§ Exercise:
Only the lines from the beginning of the data through the one with "photos and video." belong in the answer, each retyped exactly, with pictures left out.

§ Data block:
::::
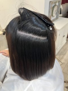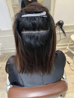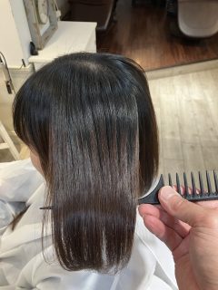 少し内巻きや外ハネをしても綺麗に収まりが出るように施術させて頂きました。
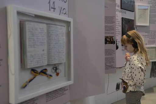 “War Diaries,” includes writings like those that Anne Frank penned in the hidden annex behind an Amsterdam canal-side house, but also modern ways Ukrainian children have recorded and processed the traumatic experience of life during wartime, including photos and video.
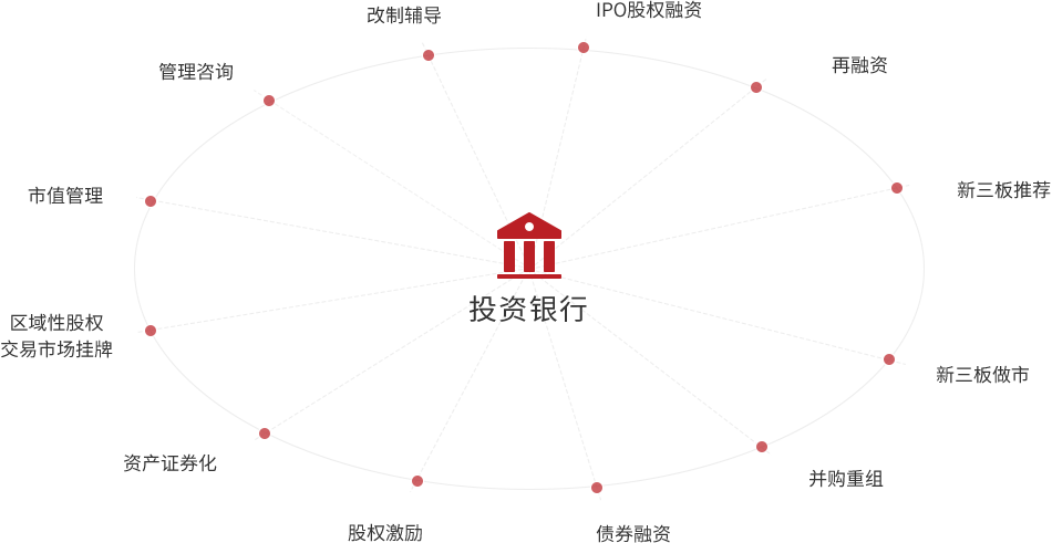 投资银行部投资银行业务是万和证券树立品牌的核心业务。万和证券投资银行的定位是以市场化业务为导向,以债券、新三板业务为中心,大力发展IPO及其他投行业务。万和证券投资银行立足于服务股东优势,深耕股东和深圳国资体系内的业务;基于全业务链服务优势,投资银行以新三板为基础开展挂牌、做市和融资等各项业务,并从中孵化潜在的IPO项目和并购重组项目,在资源共享、业务协调的基础上逐步推进大投行模式;同时,深入研究资本市场改革可能带来的市场化发行产生的股票销售环节的业务机会,组建一个完善的销售团队,使承销能力成为投资银行的一个显著特色。
::::
§ Result of this exercise:
 少し内巻きや外ハネをしても綺麗に収まりが出るように施術させて頂きました。
 “War Diaries,” includes writings like those that Anne Frank penned in the hidden annex behind an Amsterdam canal-side house, but also modern ways Ukrainian children have recorded and processed the traumatic experience of life during wartime, including photos and video.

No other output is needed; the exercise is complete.